You have a talking avatar running. Here is what to explore next:

  1. Add ElevenLabs voice to your avatar — Connect a full ElevenLabs Conversational AI agent for production-quality, two-way speech
  2. Create your own brand mascot — Replace the default character with your brand's custom animated mascot
  3. Understand real-time avatar performance — Optimize for under 500ms latency in production deployments
  4. Explore the full 2D Avatar SDK — Complete SDK reference with advanced features and configuration

Frequently Asked Questions

What is an avatar SDK?

An avatar SDK is a developer toolkit that lets you embed animated, talking characters into web and mobile apps. Mascotbot's avatar SDK specializes in 2D animated mascots with real-time lip sync and voice AI integration — install from the registry and render a React component in under 10 minutes. The lip-sync engine is a licensed ML model delivered from the Mascotbot edge that then runs on-device in the browser, so no 3D modeling or animation skills are required.

How much does an avatar SDK cost?

Mascotbot's avatar SDK uses per-minute pricing starting at approximately $0.04 per minute of rendered speech, which is 3-5x cheaper than video-based alternatives like HeyGen ($0.10–0.20/min) or D-ID (~$0.15/min). There is a free tier to start with. For exact plan tiers and volume discounts, see mascot.bot/pricing.

Can I use my own character with the avatar SDK?

Yes. Mascotbot supports custom Rive characters. Design your own brand mascot in Rive, export it as a .riv file, and point <Mascot src> at it. Your character needs an artboard named Character, a state machine named mascotStateMachine, and mouth number inputs 100118; optional is_speaking and stress inputs add life. See our Custom Brand Mascot guide for the full workflow.

What is the difference between an avatar SDK and an avatar API?

This is a hybrid architecture. The avatar SDK is a client-side toolkit (React component, Flutter widget, vanilla JS) that renders the avatar and runs the licensed lip-sync model on-device, in the browser. The Mascotbot edge does exactly three things: it authorizes your license key, delivers the licensed model and assets (the WebAssembly runtime) on first load, and meters your usage — a background refresh keeps the license live. It does not synthesize voice and is never in the audio path: once the model is delivered, the audio you play stays local and visemes are inferred on-device, so audio and visemes never round-trip to a Mascotbot server. You install the SDK in your frontend and it does the licensing handshake automatically.
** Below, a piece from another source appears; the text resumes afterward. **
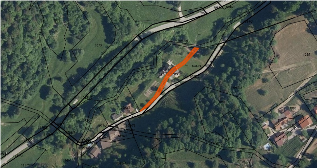
Prikaz zemljišča parc. št. 1919/7 k.o. 977 – Železno:

How do I integrate an avatar SDK with React?

Add the private registry to .npmrc, run pnpm add @mascotbot/react @rive-app/react-webgl2 @rive-app/webgl2, wrap your app with <MascotProvider apiKey>, and render a single <Mascot src="/character.riv" stateMachine="mascotStateMachine" />. The full render is under 20 lines — see Step 3 above for the complete implementation.